Какое-то время – минуту? полчаса? девяносто четыре года? вечность? – спустя, синий свет все-таки начал понемногу меркнуть. Вернее, не так, свет не мерк, просто стала сгущаться тьма, и Альгис сразу понял, что она означает. Все, что происходило с ним до сих пор – ясность ума, озарения, пробуждение памяти, радость и горе, стыд и надежда – было не смертью, а просто завершением жизни. А теперь начинается настоящая смерть, вот так она здесь, на Другой Стороне выглядит – голодная хищная тьма, самим фактом своего присутствия отменяющая не только будущее, но и прошлое, то, чем ты был, что успел сделать, смысл твоего опыта, силу твоих поступков, даже звонкий и яростный страх перед этой чудовищной, невозможной, нечестной отменой – всего тебя.

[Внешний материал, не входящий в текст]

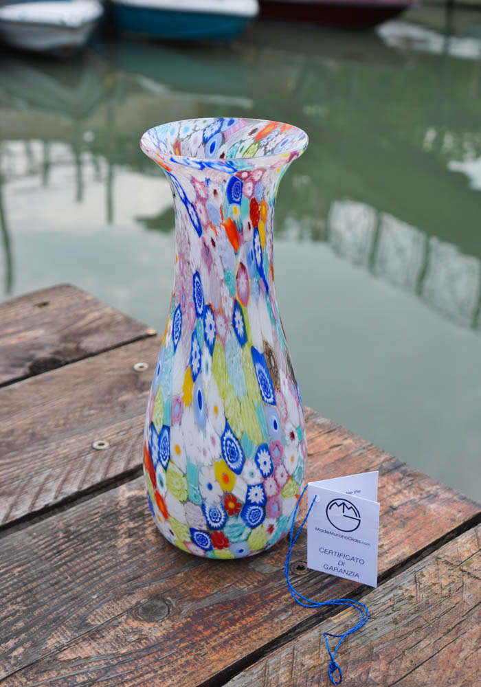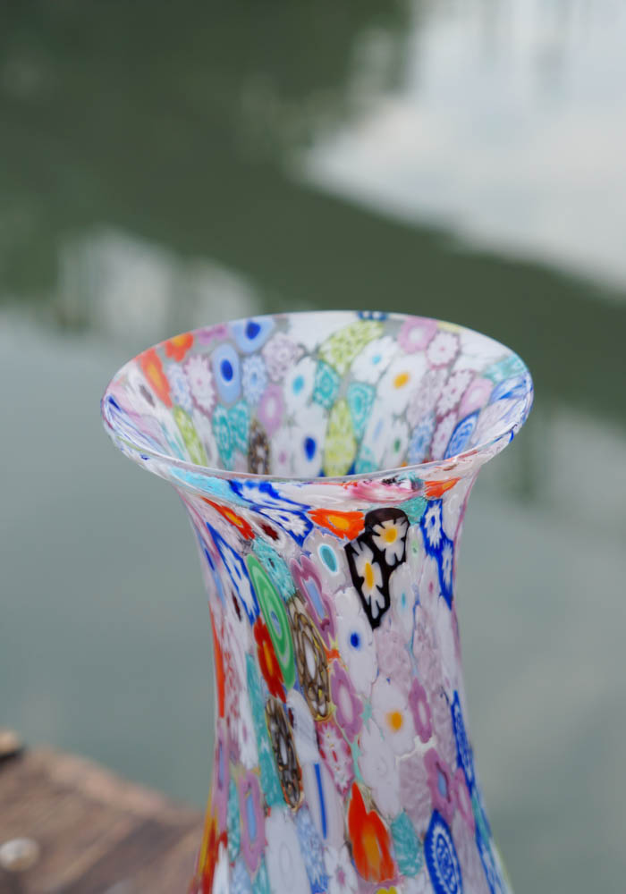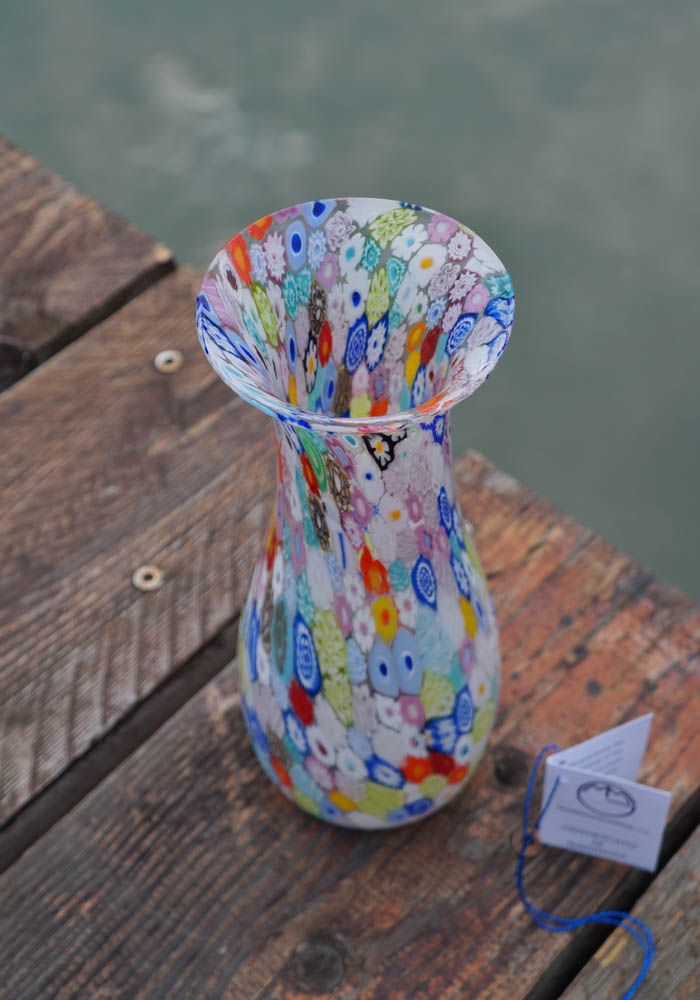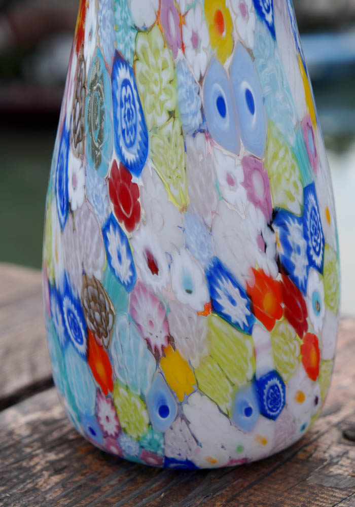 Refined jug (half-liter) for water or wine in Murano glass with transparent murrine millefiori.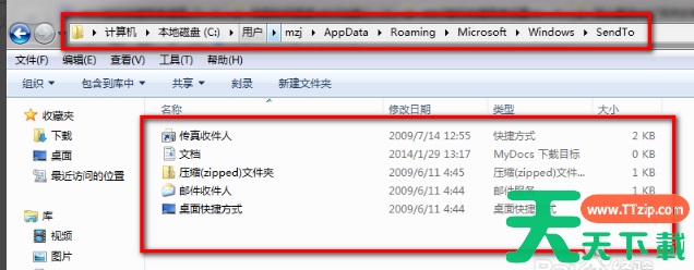 4、接下来我们就需要进入系统盘了,依次打开C:\用户(Users)\用户名(我的是mzj)\AppData\Roaming\Microsoft\Windows\SendTo,SendTo文件夹里面就是右件菜单中发送到的操作选项,在这里可以选择性的删除某些不用菜单!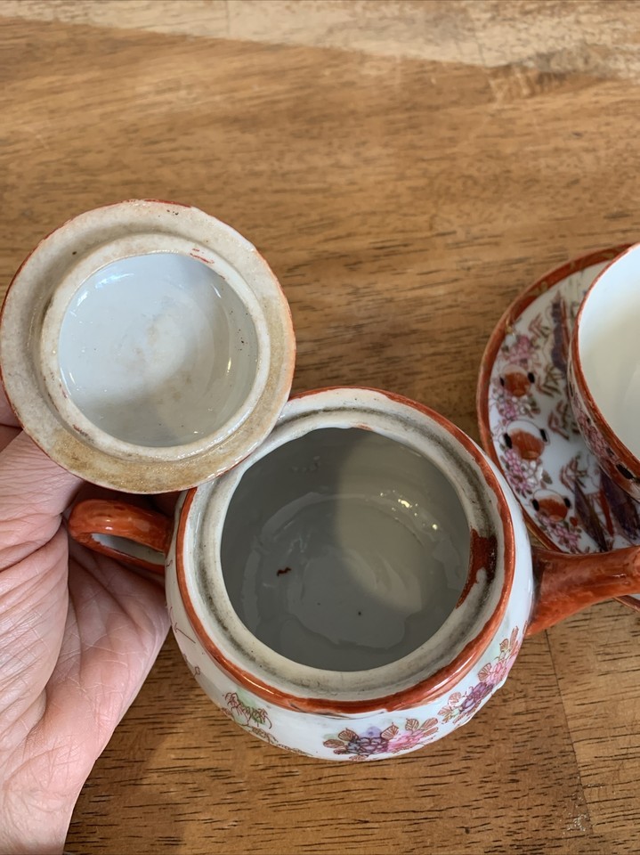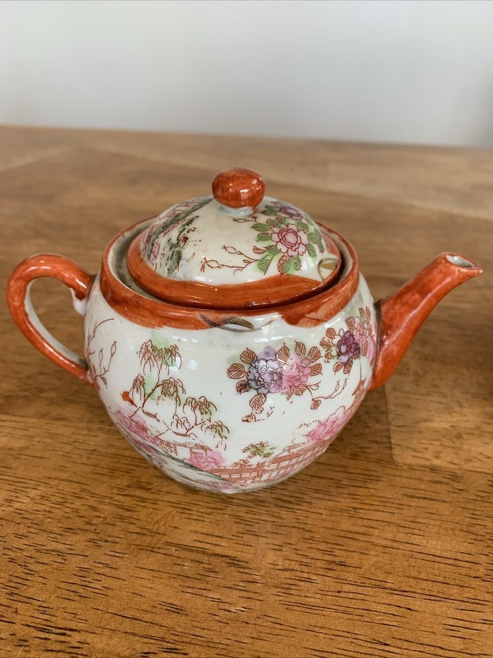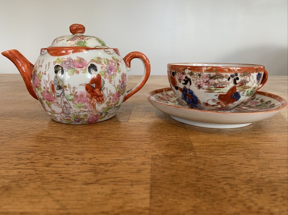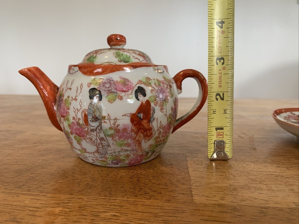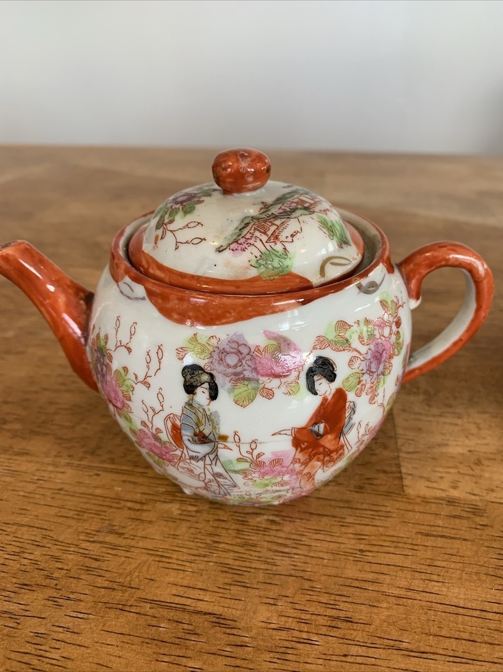 Vintage Collectible Asian Japan Geisha Girl Hand-Painted Porcelain Teapot Teacup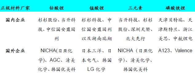 表11:國(guó)內(nèi)外主要正極材料廠商分類(lèi)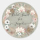 Das Tropical Beach White Floral Sage Greenery Foliage Brautparty Klassischer Rundaufkleber für Umschlag Aufkleber, Geschenktüten oder andere Brautparty Dekoration. Aquarellkunst aus eleganten Orchideen, khaki-braunes Palmenblättern, boho-artigen getrockneten tropischen Blätter und gedämpftem Salbei-Farn-Kranz. Ursprünglich in Aquarellfarbe handgestrichen und auf diesen hochwertigen Aufklebern bedruckt. Copyright, Audrey Jeanne Roberts.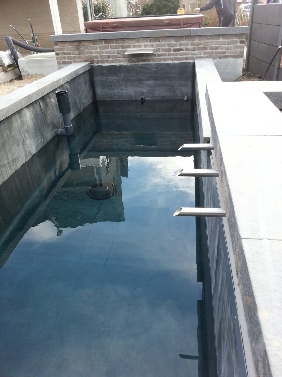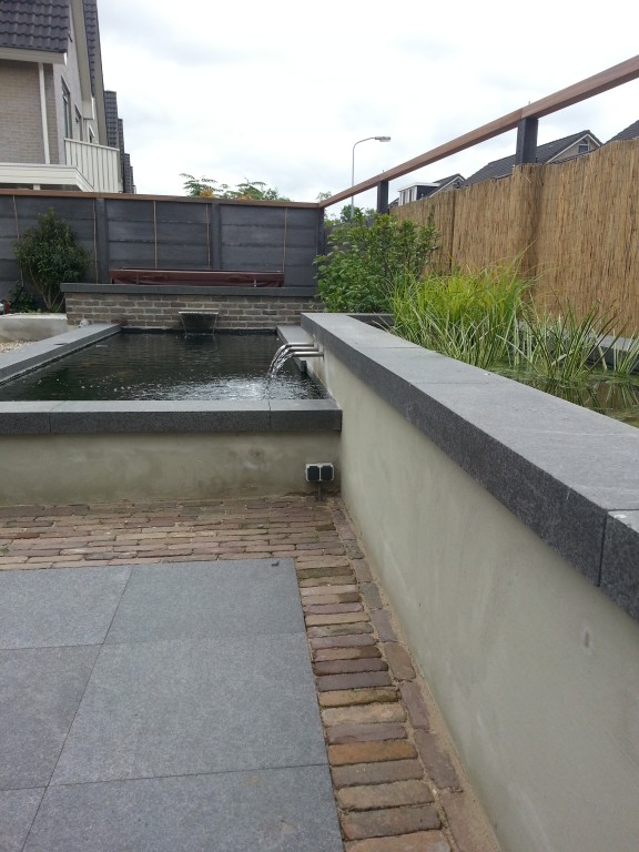 Koivijver te Duiven 30 m3 inclusief onze technische ruimte incl zeef/uv lamp en pomp plugg and play systeem.Vijver opgemetseld met bia blokken van 20 cm , deze vijver staat 40 cm boven maaiveld , dus moet wel vorstvrij opgemetseld worden,koivijver is voorzien van plantenfilter van 50% van het oppervlak zodat er een goed biologisch evenwicht ontstaat.De overloop uit het plantenfilter is gemaakt met rvs doorstroompijpjes en de achterzijde is voorzien van een waterval 50 cm breed , geheel is perfect in balans en voorzien van 2 onderwaterspots die de waterval en de doorstroompijpjes aanlichten.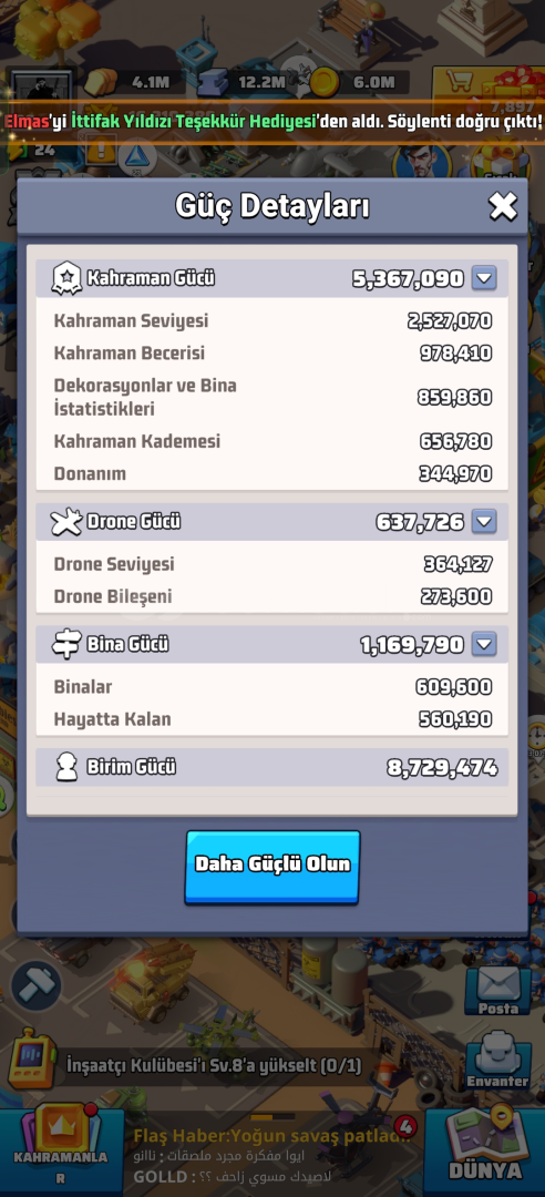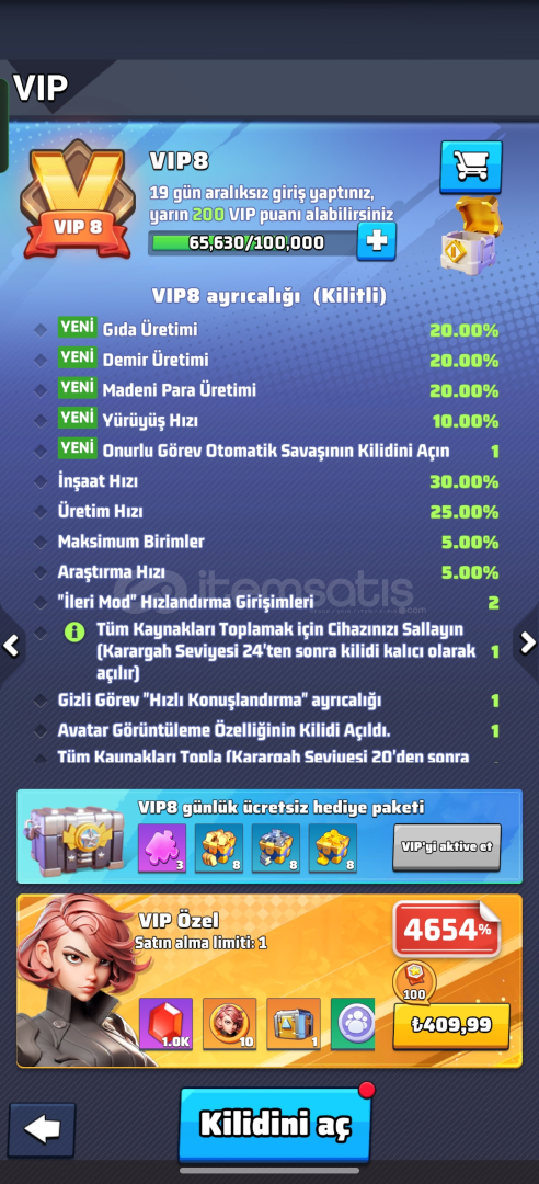 HQ 21 seviye hesap (pazarlık yapılır)VIP 86 adet UR (sarı) komutan4 adet sarı komutan donanımı17M güç5k elmasServer: 1969Güvenli manuel teslimat yapılacaktır.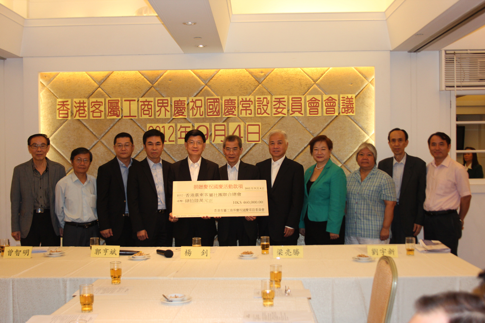 出席活動的還包括常設委員會的七個主辦團體:嘉應商會、惠州社團聯合總會、河源社團總會、梅州聯會、新界總商會、崇正總會、世界客屬總商會的首長和代表,大家表決通過把歷年舉辦國慶活動的結餘款項捐贈予客屬總會。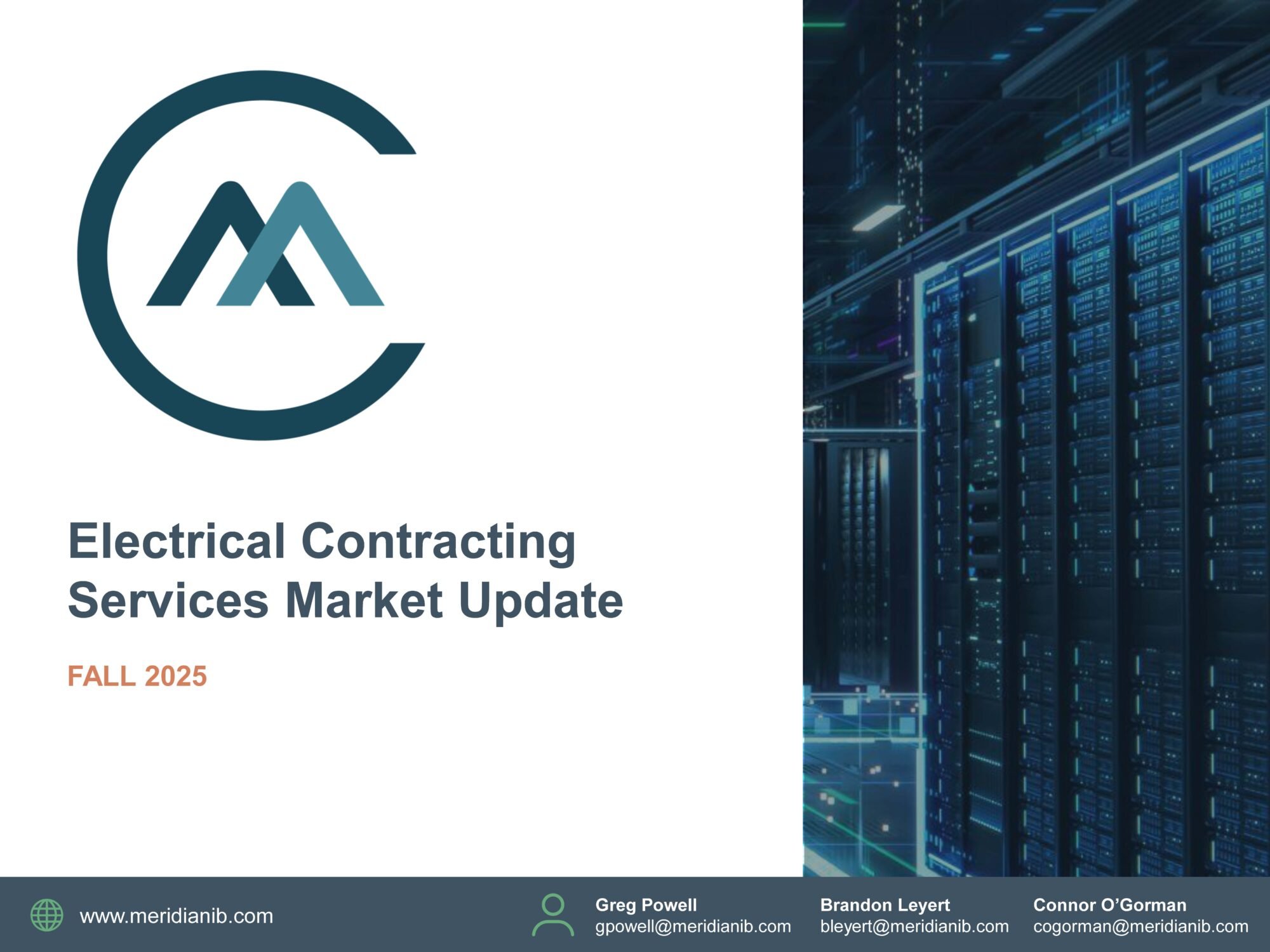 The electrical contracting services sector continues to attract strong investor interest, supported by secular growth drivers including data center expansion, electrification, renewable energy deployment, and infrastructure modernization. Skilled labor constraints and project complexity are driving demand for scaled operators with strong safety records, diversified end markets, and recurring service revenue. Strategic acquirers and private equity sponsors remain active, pursuing platform investments and add-on acquisitions to build geographic density and specialized capabilities. While deal volumes have normalized from recent highs, valuation levels for well-positioned contractors remain attractive.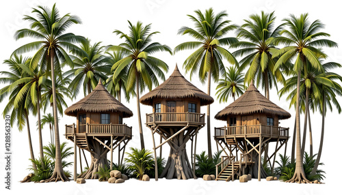 Rustic treehouses surrounded by tropical palm trees retreat.png

Знал бы, какова она, смерть Другой Стороны, не спешил бы выскакивать из унылого круговорота своей здешней жизни, не стал бы легкомысленно красоваться, воображать себя самураем, наряжаться в хаори, целоваться с ножом, мысленно торжествовать над выдуманными врагами; потерпел бы как-нибудь дальше до возвращения Томки, поехал бы с ней к врачу, покорно принимал бы лекарства, потому что любое, самое жалкое положение, безумие, отчаяние и тоска, вообще все на свете лучше, чем неспешное приближение этой сытой голодной твари… то есть не твари, в том и беда, что совершенно не твари, но надо же как-то это невозможное ничего называть.
Ну уж нет, этому я не сдамся, – сказал себе Альгис. – Обойдется. Пошло оно в жопу. Не подпущу к себе близко, не угасну, буду сражаться. Меня больше нет, но воля моя осталась, и она наконец-то тверда. Сколько смогу, продержусь, а потом… ай, ладно, и потом продержусь. Буду сражаться вечно, если понадобится. Пусть присылают за мной кого-то… что-то другое. Этому я себя не отдам.
Весь день было много работы, несложной, рутинной, не то чтобы утомительной, но все равно выматывающей, «человеческой, слишком человеческой», как смеялась в таких случаях она сама. К восьми вечера Эва чувствовала себя не просто выжатым лимоном, а туго, с горкой набитым выжатыми лимонами помойным ведром.
Вывела это ведро на прогулку до любимой кофейни с летней верандой, но там не оказалось свободных мест. И в соседней та же беда. Вроде, не пятница и не суббота, самый обычный вторник, завтра всем на работу, а в кофейнях аншлаг; с другой стороны, на то и дано людям лето, чтобы забивать на здравый смысл.